**What you should do**
Print exactly and only the lines that run from the one containing "Пистолет-распылитель со штуцерной" through the end of the material, please, omitting pictures.

[Supplied data — start]

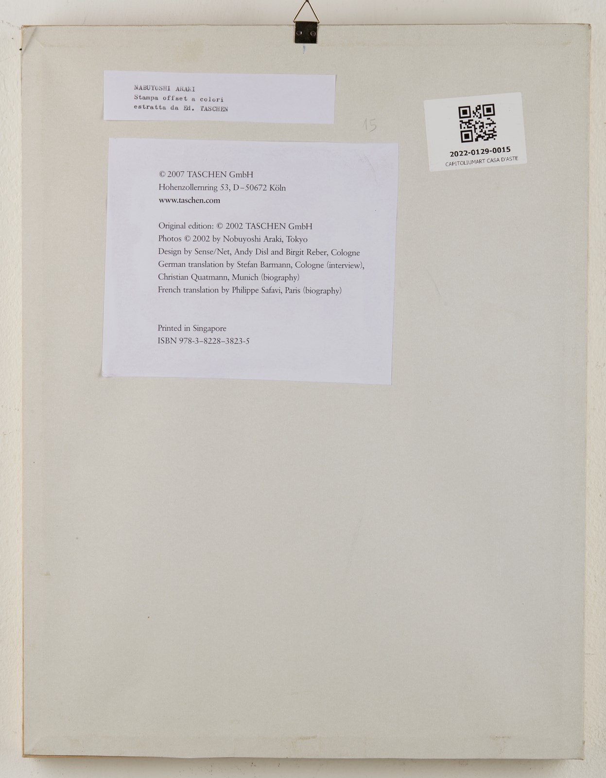 ARAKI NOBUYOSHI (n. 1940) Senza titolo. 2007. Fotolitografia. Cm 20,00 x 29,00. Lotto proveniente dal volume Un Grande Araki, Ed. Taschen, 2007 con tiratura limitata in 2500 copie. Il libro racchiude più di 1000 immagini. Cornice presente
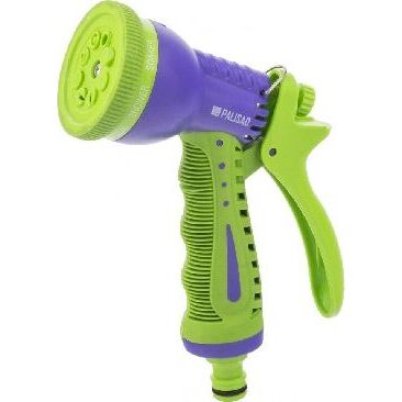 Пистолет-распылитель со штуцерной посадкой и курком, расположенным сзади. Оснащен регулируемой форсункой, что обеспечивает шесть режимов полива: душ, туман, конусную струю, центральную струю, плоско-горизонтальную струю, жесткую струю. Имеет фиксатор курка для непрерывной работы. Предназначен для всех типов полива на дачных участках, в садах, парках и скверах, а также для очистки. Совместим со всеми элементами системы полива Palisad и Palisad Luxe. Корпус и курок пистолета изготовлены из прочного АБС-пластика, рукоятка залита резиной, что обеспечивает максимальный комфорт при работе с инструментом.
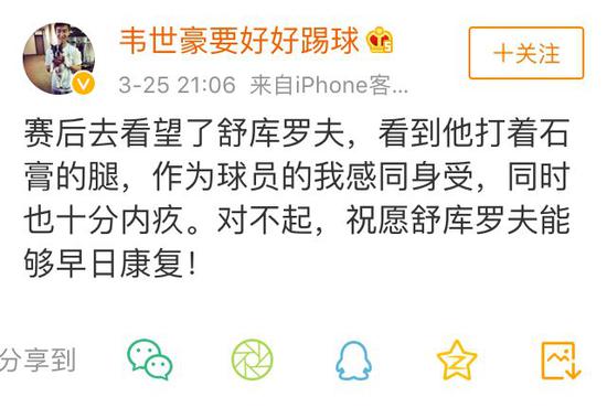 今晚(3月25日)9时许,韦世豪本人也在微博上对舒库罗夫说了“对不起”,并祝舒库罗夫早日康复。↓
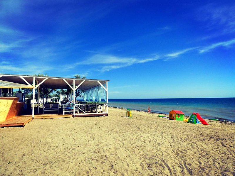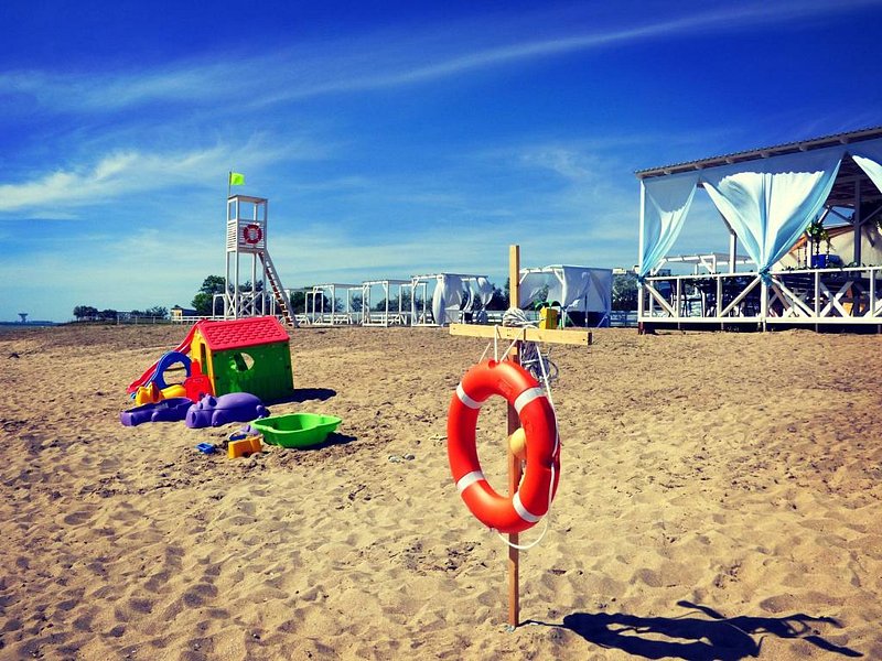 До ближайшего пляжа «Мохито» 900 м. Можно дойти пешком (10–15 минут), доехать на авто или велосипеде. Пляж песочный, оборудован защитой от солнца. Есть туалет, душ, аренда шезлонгов. Заход в море плавный и безопасный для детей. На берегу для всех работает кафе «Мохито». Есть также и другие пляжи в общественном доступе.

[Supplied data — finish]

**Your solution**
 Пистолет-распылитель со штуцерной посадкой и курком, расположенным сзади. Оснащен регулируемой форсункой, что обеспечивает шесть режимов полива: душ, туман, конусную струю, центральную струю, плоско-горизонтальную струю, жесткую струю. Имеет фиксатор курка для непрерывной работы. Предназначен для всех типов полива на дачных участках, в садах, парках и скверах, а также для очистки. Совместим со всеми элементами системы полива Palisad и Palisad Luxe. Корпус и курок пистолета изготовлены из прочного АБС-пластика, рукоятка залита резиной, что обеспечивает максимальный комфорт при работе с инструментом.
 今晚(3月25日)9时许,韦世豪本人也在微博上对舒库罗夫说了“对不起”,并祝舒库罗夫早日康复。↓
 До ближайшего пляжа «Мохито» 900 м. Можно дойти пешком (10–15 минут), доехать на авто или велосипеде. Пляж песочный, оборудован защитой от солнца. Есть туалет, душ, аренда шезлонгов. Заход в море плавный и безопасный для детей. На берегу для всех работает кафе «Мохито». Есть также и другие пляжи в общественном доступе.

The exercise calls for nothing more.